# tube advice and recommendations



## Rosscism (Jan 22, 2012)

gentlemen,

wanted to seek your advice. Up until now, I have only used flat bands. I wanted to begin using some tubes but I am not sure what to buy. Here are some of my needs:

my draw is about 45". I would like to shoot 9mm lead and steel. Standard Chinese tubes are too short.

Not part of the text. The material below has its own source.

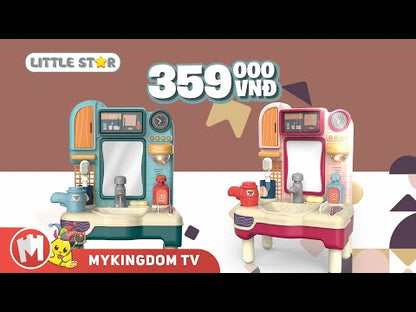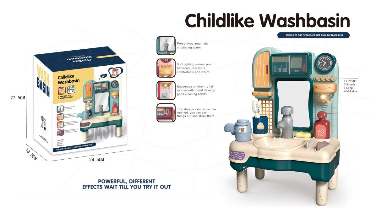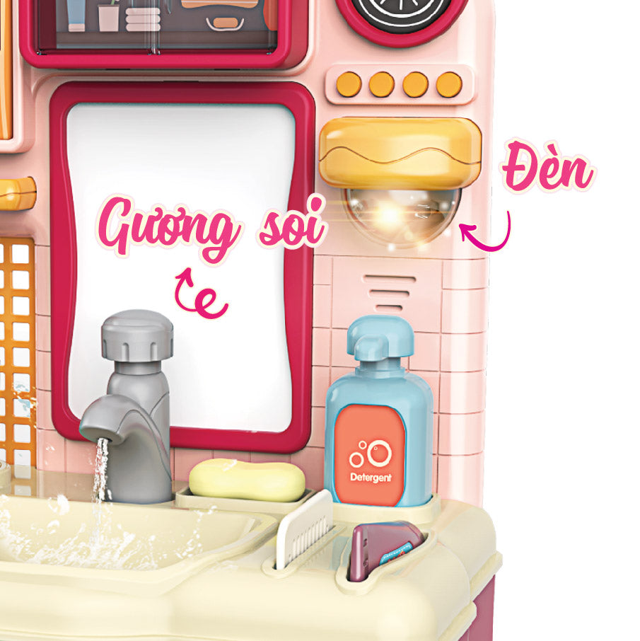 Bồn rửa mặt có thể chơi được với nước, có âm thanh với giai điệu êm dịu cùng ánh đèn vàng nhẹ nhàng, hộc tủ nhỏ xinh cho bé cất giữ đồ dùng cá nhân, khuyến khích bé tập thói quen chăm chỉ vệ sinh cá nhân hằng ngày.

any advice would be appreciated.

ross


----------



## Tube_Shooter (Dec 8, 2012)

Rosscism said:


> gentlemen,
> 
> wanted to seek your advice. Up until now, I have only used flat bands. I wanted to begin using some tubes but I am not sure what to buy. Here are some of my needs:
> 
> ...


Hi mate 2040 amber tubing is what I use same draw length ish also I like 3050 looped good for singles too 

PS I use the 2040 looped only


----------



## Henry the Hermit (Jun 2, 2010)

Rosscism said:


> gentlemen,
> 
> wanted to seek your advice. Up until now, I have only used flat bands. I wanted to begin using some tubes but I am not sure what to buy. Here are some of my needs:
> 
> ...


Some of our Vendors offer longer looped Chinese rubes, or you could build your own. It's really easy and you can cut them any length you want.


----------



## Adirondack Kyle (Aug 20, 2012)

TeX tubing is great


----------



## All Buns Glazing (Apr 22, 2012)

You can buy tubing from dankung.com also. Cheap and congress in rolls of 10m. 2040 and 1842 tubing from dankung is a versatile tubing!


----------



## JetBlack (Mar 9, 2012)

single tex tube works for me with 9mm steel. single 1745s work well too...


----------



## Rosscism (Jan 22, 2012)

Thank you, guys! Where can I find a list of Tex's items for sale?


----------



## Adirondack Kyle (Aug 20, 2012)

In the vendors section of the forum


----------